Ran; drama, Japan/ France, 1985; D: Akira Kurosawa, S: Tatsuya Nakadai, Akira Terao, Jinpachi Nezu, Daisuke Ryu, Mieko Harada, Yoshiko Miyazaki, Hisashi Igawa

Japan, 16th Century. The old lord Hidetora Ichimonji, who fought numerous wars to build an empire, decides to retire and evenly split his land to his three sons; Taro, Jiro and Saburo. Everyone agrees, yet the heated Saburo sarcastically tells him he is naive and that they will probably double cross each other, upon which the angered Hidetora expels him and his servant Tango. Hidetora then goes to live in the fortress with Taro, yet he expels him since he doesn't need him anymore. He goes to his second son's fortress, but even Jiro doesn't want him.

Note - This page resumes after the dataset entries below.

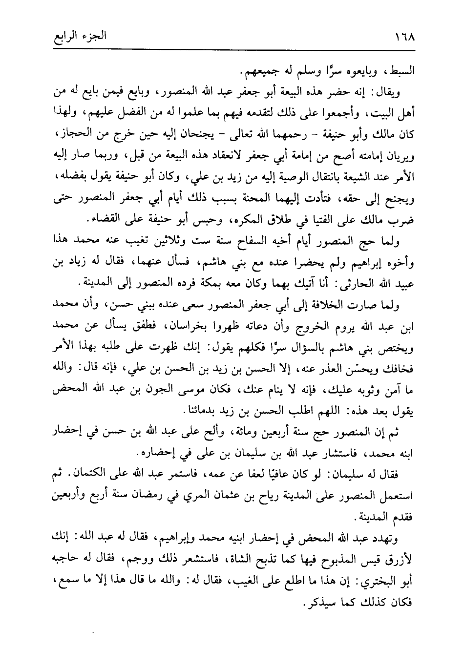 السبط وَبَايَعُوهُ سرا وَسلم لَهُ جَمِيعهم وَيُقَال إِنَّه حضر هَذِه الْبيعَة أَبُو جَعْفَر عبد الله الْمَنْصُور وَبَايع فِيمَن بَايع لَهُ من أهل الْبَيْت وَأَجْمعُوا على ذَلِك لتقدمه فيهم بِمَا علمُوا لَهُ من الْفضل عَلَيْهِم وَلِهَذَا كَانَ مَالك وَأَبُو حنيفَة رحمهمَا الله تَعَالَى يجنحان إِلَيْهِ حِين خرج من الْحجاز ويريان إِمَامَته أصح من إِمَامَة أبي جَعْفَر لانعقاد هَذِه الْبيعَة من قبل وَرُبمَا صَار إِلَيْهِ الْأَمر عِنْد الشِّيعَة بانتقال الْوَصِيَّة إِلَيْهِ من زيد بن عَليّ وَكَانَ أَبُو حنيفَة يَقُول بفضله ويجنح إِلَى حَقه فتأدت إِلَيْهِمَا المحنة بِسَبَب ذَلِك أَيَّام أبي جَعْفَر الْمَنْصُور حَتَّى ضرب مَالك على الْفتيا فِي طَلَاق الْمُكْره وَحبس أَبُو حنيفَة على الْقَضَاء وَلما حج الْمَنْصُور أَيَّام أَخِيه السفاح سنة سِتّ وَثَلَاثِينَ تغيب عَنهُ مُحَمَّد هَذَا وَأَخُوهُ إِبْرَاهِيم وَلم يحضرا عِنْده مَعَ بني هِشَام فَسَأَلَ عَنْهُمَا فَقَالَ لَهُ زِيَاد بن عبيد الله الْحَارِثِيّ أَنا آتِيك بهما وَكَانَ مَعَه بِمَكَّة فَرده الْمَنْصُور إِلَى الْمَدِينَة وَلما صَارَت الْخلَافَة إِلَى أبي جَعْفَر الْمَنْصُور سعى عِنْده ببني حسن وَأَن مُحَمَّد ابْن عبد الله يروم الْخُرُوج وَأَن دعاته ظَهَرُوا بخراسان فَطَفِقَ يسْأَل عَن مُحَمَّد وَيخْتَص بني هَاشم بالسؤال سرا فكلهم يَقُول إِنَّك ظَهرت على طلبه بِهَذَا الْأَمر فخافك وَيحسن الْعذر عَنهُ إِلَّا الْحسن بن زيد بن الْحسن بن عَليّ فَإِنَّهُ قَالَ وَالله مَا آمن وثوبه عَلَيْك فَإِنَّهُ لَا ينَام عَنْك فَكَانَ مُوسَى الجون بن عبد الله الْمَحْض يَقُول بعد هَذِه اللَّهُمَّ اطلب الْحسن بن زيد بدمائنا ثمَّ إِن الْمَنْصُور حج سنة أَرْبَعِينَ وَمِائَة وألح على عبد الله بن حسن فِي إِحْضَار ابْنه مُحَمَّد فَاسْتَشَارَ عبد الله بن سُلَيْمَان بن عَليّ فِي إِحْضَاره فَقَالَ لَهُ سُلَيْمَان لَو كَانَ عافياً لعفا عَن عَمه فاستمر عبد الله على الكتمان ثمَّ اسْتعْمل الْمَنْصُور على الْمَدِينَة ريَاح بن عُثْمَان المري فِي رَمَضَان سنة أَربع وَأَرْبَعين فَقدم الْمَدِينَة وتهدد عبد الله الْمَحْض فِي إِحْضَار ابنيه مُحَمَّد وَإِبْرَاهِيم فَقَالَ لَهُ عبد الله إِنَّك لأزرق قيس الْمَذْبُوح فِيهَا كَمَا تذبح الشَّاة فاستشعر ذَلِك ووجم فَقَالَ لَهُ حَاجِبه أَبُو البخْترِي إِن هَذَا مَا اطلع على الْغَيْب فَقَالَ لَهُ وَالله مَا قَالَ هَذَا إِلَّا مَا سمع فَكَانَ كَذَلِك كَمَا سَيذكرُ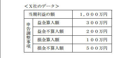 下記<X社のデータ>に基づき算出されるX社の法人税の課税所得金額として、正しいものはどれか。なお、記載のない事項については考慮しないものとする。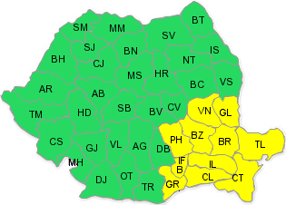 Intervalul de valabilitate este 09 noiembrie, ora 09:30 - 10 noiembrie, ora 12:00. Fenomene vizate sunt ploi moderate cantitativ, intensificări ale vântului, ninsori în zona montană înaltă. În intervalul menţionat, vor fi precipitații în cea mai mare parte a ţării. În sud şi sud-est va ploua mai ales sub formă de aversă, se vor semnala descărcări electrice, iar cantităţile de apă vor depăşi local 15...20 l/mp. Vântul va prezenta intensificări în sud-estul teritoriului, unde viteza la rafală va depăşi temporar 50...55 km/h, iar pe litoral 60...70 km/h. La munte, mai ales la altitudini mari, vor predomina ninsorile, iar vântul va avea intensificări, viscolind ninsoarea. În Dobrogea, cea mai mare parte a Munteniei şi în sudul Moldovei vor fi intervale de timp în care ploile vor fi abundente, iar cantităţile de apă vor depăşi local 25 l/mp şi izolat 50...60 l/mp. (Z.V.)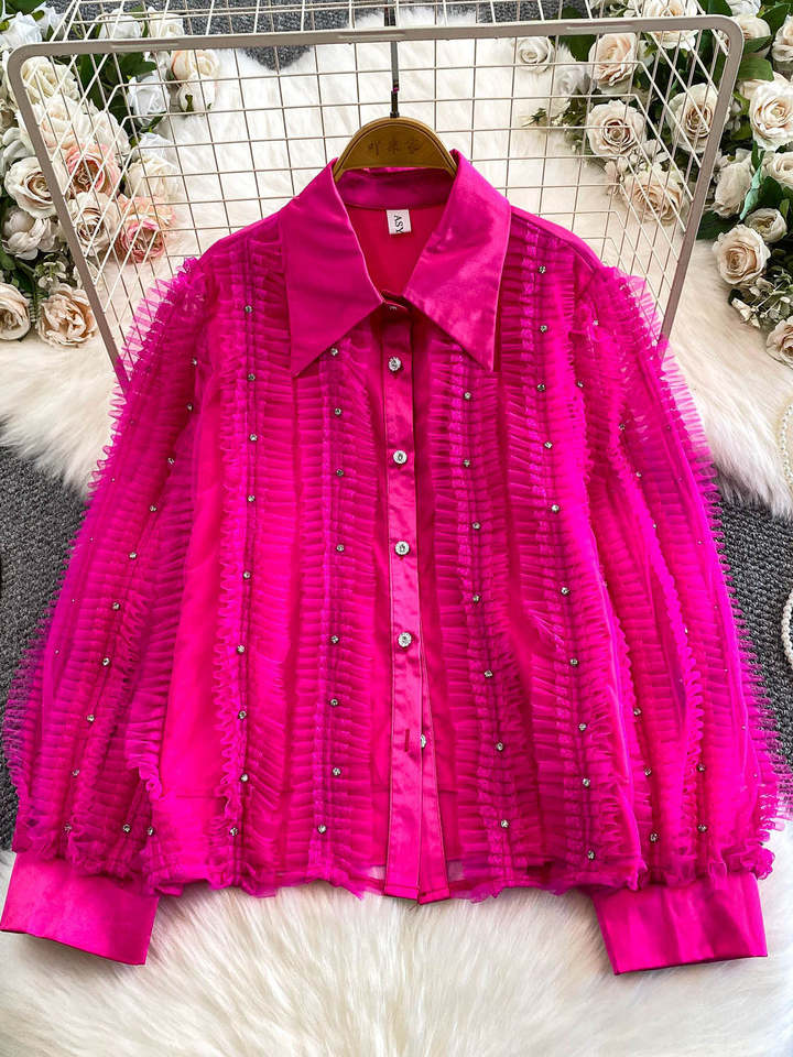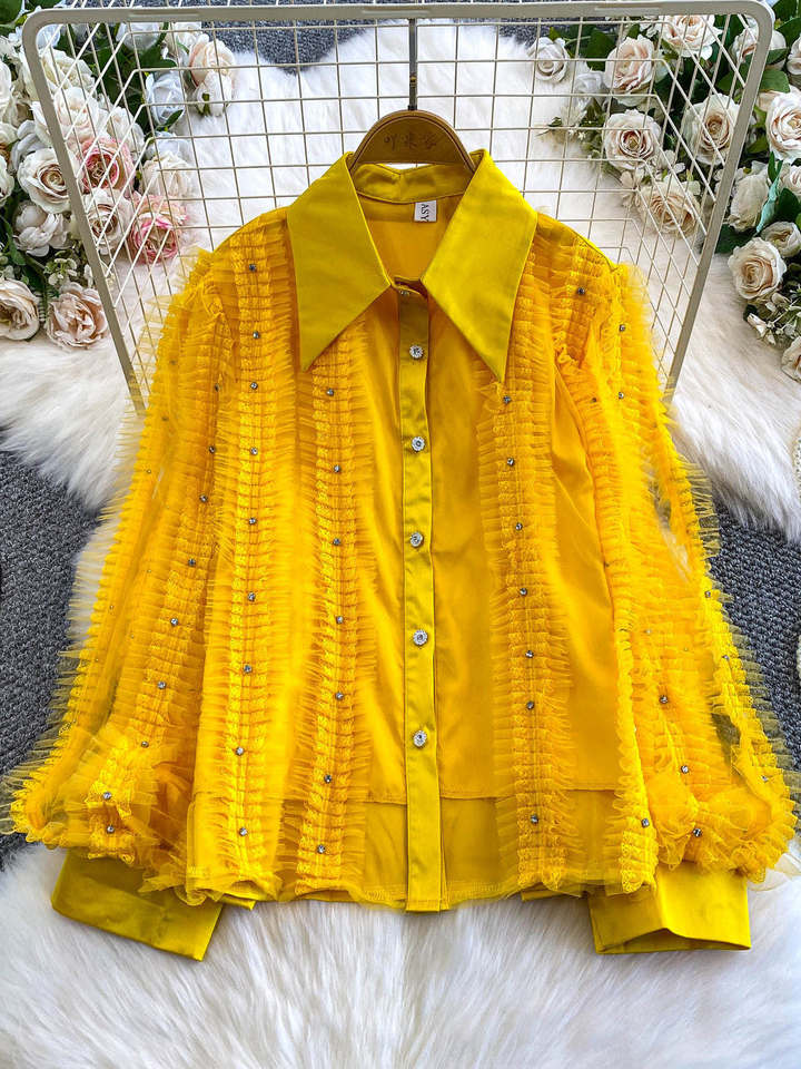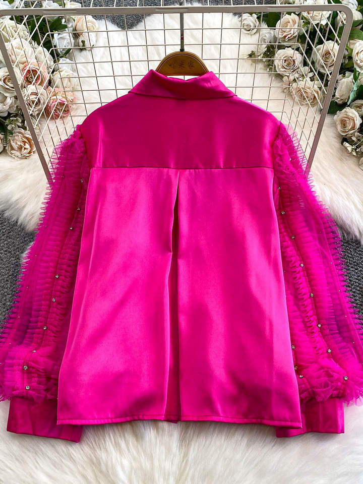 Camisa de Mujer de Invierno, Estilo Corte, con Mangas Campana, Cuello Peter Pan, Ajuste Holgado, Antiarrugas, con Costuras de Gasa de Alta Calidad

When Taro and Jiro's soldiers attack and kill Hidetora's whole army, but let's him leave peacefully. Taro gets killed by Jiro's general. Evidently, Hidetora realizes that only Saburo really cares for him, since he went with his whole army to get him. Jiro gets killed, and so does Saburo, while Hidetori dies from mourning after him.

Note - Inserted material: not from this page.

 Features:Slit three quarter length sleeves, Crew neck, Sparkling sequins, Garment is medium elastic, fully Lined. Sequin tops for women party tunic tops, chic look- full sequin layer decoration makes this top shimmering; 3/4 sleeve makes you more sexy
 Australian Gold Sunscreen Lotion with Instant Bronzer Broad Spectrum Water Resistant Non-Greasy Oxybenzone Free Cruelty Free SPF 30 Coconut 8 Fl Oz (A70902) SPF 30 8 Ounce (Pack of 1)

From today's stance it's hard to comprehend that the famous Akira Kurosawa was in his entire career nominated only once for an Oscar as best director, and precisely for "Ran", his last great epic Samurai spectacle, yet didn't win the statue. Still, that medieval variation of Shakespeare's "King Lear" shows him in top-notch shape: he does exactly what a director is suppose to do, namely take a seemingly boring, dated and dry story and make it somehow fascinating. From the fantastic opening shots, that seem as if they come from a painting since they consist of people on horses that stand motionless on top of the hill, does the movie build it's quiet but masterful shot composition, underlying also a universally appealing theme of betrayal and greed for power combined with the clever motif that not everything is at it seems at first sight - namely, at first it seems that the old lord Hidetori's sons Taro and Jiro are faithful, and that only Saburo is arrogant and sneaky, yet with time Kurosawa cleverly adds a touching twist where Taro and Jiro are actually the first one to betray him and get rid of him once they inherit his land, while Saburo ends up as the only one who really cares and respects him, since his only fault is that he honestly says what he thinks. "Ran" also has quite a substantial number of opponents who lament about its long running time, yet when the story is so interesting it's hard not to care for it, and many scenes give it a special spark: for instance, when the armies attack the fortress by shooting burning arrows at it, they all fall around Hidotari who doesn't even budge, and when he finds a refuge at some isolated house in the countryside, he is saddened and ashamed to find out he stays at the home of a former victim, a man he blinded decades ago when he invaded his village. A great film.